Buildings are depreciated over 29 or 39 years. An opportunity for tax savings might be found by identifying and reclassifying building assets that can be depreciated using shorter lives. A cost segregation study can often identify scores of building components that can be segregated and depreciated sooner.

  1. Deduct bonuses before the year-end

If the tax law changes next year, then consider paying bonuses to help reduce income and correspondingly taxes in the current year.

  1. Review sales and use taxes for missing refunds

It is entirely possible that you’ve paid sales tax on items that are non-taxable. Review the categories of items you purchase against sales tax exemptions. If’ you’ve already paid the tax, it may be possible to claim a refund.

  1. Review your property taxes

This includes real and personal property taxes. Your property tax valuations are based on assessed values. The property appraiser may have raised those values in the past year. So, you’ll need to make a timely assessment to contest the values.

  1. Perform a reasonable compensation study

If you own a corporation and work in the business, you may be required to pay a salary to yourself. A reasonable compensation analysis can confirm your salary meets IRS standards.

  1. Consider alternatives to equity pay for key employees

A phantom stock plans credits employees with stock units that represent a share of the firm’s stock. Those stock plans promise to pay the employee the equivalent of stock value in the future. Performance-based cash payment plans promise employees cash bonuses if performance goals are met.

  1. Purchase a car or truck

Purchasing a car or truck for business use can permit a deduction that can reduce your taxes.

  1. Contribute to a Retirement Plan

Make payments to a retirement plan or set one up before the year-end to reduce your income for the year.

  1. Disaster relief

Hurricanes and natural disasters unfortunately leave devastation in their paths. The Disaster Tax Relief and Airport and Airway Extension Act of 2017 provides additional relief. Personal casualty losses need not exceed 10% of AGI to qualify for a deduction.

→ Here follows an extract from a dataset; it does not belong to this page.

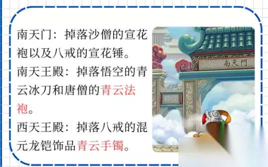 南天门:掉落沙僧的宣花袍以及八戒的宣花锤。宣花袍和宣花锤都是比较实用的装备,能提升角色的攻击力和防御力。 南天王殿:掉落悟空的青云冰刀和唐僧的青云法袍。青云冰刀和青云法袍具有较高的属性,能让悟空和唐僧在战斗中更具优势。 西天王殿:掉落八戒的混元龙铠以及饰品青云手镯。混元龙铠为八戒提供了强大的防御力,青云手镯则可以增加角色的属性。

The Act also eliminates the current law requirement that taxpayers must itemize deductions to access this tax relief—it does so by increasing an individual taxpayer’s standard deduction under Code Sec. 63(c) by the net disaster loss. The portion of the standard deduction attributable to the net disaster loss is also allowed for alternative minimum tax (AMT) purposes. The Act increases the $100 per-casualty floor to $500 for qualified disaster-related personal casualty losses. The Act allows victims to make qualified hurricane distributions from their retirement plans of up to $100,000.

  1. Clean up your chart of accounts

If you have too many accounts or too many vendors in your chart of accounts and vendor lists, year-end is an excellent time to remove unused ones. Creating false vendors is also a source of fraud. So, look for suspicious activity such as recent payments to vendors who have not done work in a while, or names of vendors or employees you don’t recognize.

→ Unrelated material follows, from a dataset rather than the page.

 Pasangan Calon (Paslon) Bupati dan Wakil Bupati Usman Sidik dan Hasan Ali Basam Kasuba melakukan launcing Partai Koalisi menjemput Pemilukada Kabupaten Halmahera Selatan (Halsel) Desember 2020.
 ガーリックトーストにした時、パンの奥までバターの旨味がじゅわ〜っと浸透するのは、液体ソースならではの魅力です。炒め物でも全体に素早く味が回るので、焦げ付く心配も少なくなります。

  1. Scan Unused Documents

Eliminate documents in accordance with your record retention policies. Also, consider scanning important documents, or eliminating documents altogether. Conversely, consider maintaining paper files in cases where digital records are insufficient.

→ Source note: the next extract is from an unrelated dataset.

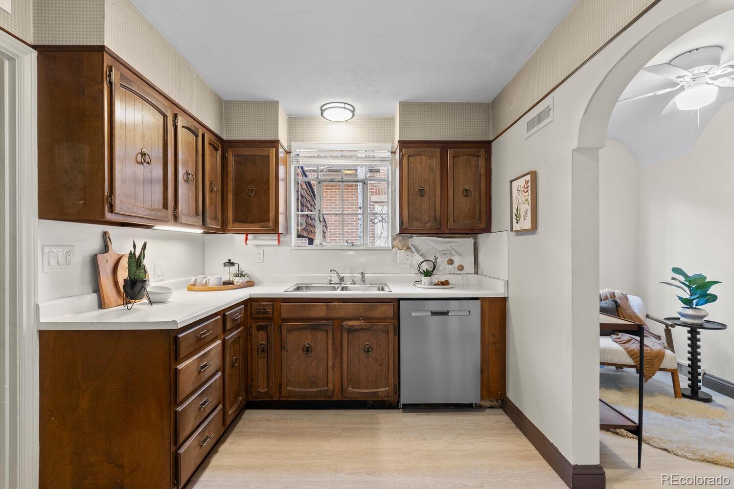 This Hilltop Tudor-style brick home has been owned by the same family since 1963! Built in 1938, it still features much of its original style and charm, including arched doorways and hallway nooks. It sits on a corner lot in the heart of Hilltop, blocks from Cranmer Park, Denver Tennis Club, Trader Joe's, and 9+CO, with easy access to Cherry Creek shopping and dining. The main floor has three bedrooms, one nicely sized for an office, as well as a full bathroom, kitchen, spacious dining room, and additional space between the kitchen and dining room, perfect for a breakfast nook, mini-library, or even a butler's pantry! The basement is large, with a den and two potential bedrooms, but in need of some work. The seller has made a few updates - flooring and paint on the main floor, as well as some HVAC and plumbing improvements - but much of this classic Denver home is ready for a new owner to make it their own.

  1. Review your email policies

A corporate hack can significantly interrupt business operations and can put personal and business identities and reputations at risk. Consider implementing and updating your email policies about visiting known and trusted websites, downloading software, and clicking on links in emails.

  1. Ensure employee files have I-9 Forms and updated W-4 withholding certificates

Ensure that you have the required documentation from the Department of Labor for each employee. This includes an I-9 and W-4 Withholding certificate. W-4s should be updated annually.

  1. Make sure your company officers are in tax compliance

This seems obvious, but know that in the event of an audit, the IRS has the right to request the tax returns of highly compensated individuals and company executives.

  1. Exercise Caution

Year-end tax planning must consider a business’s situation and planning goals.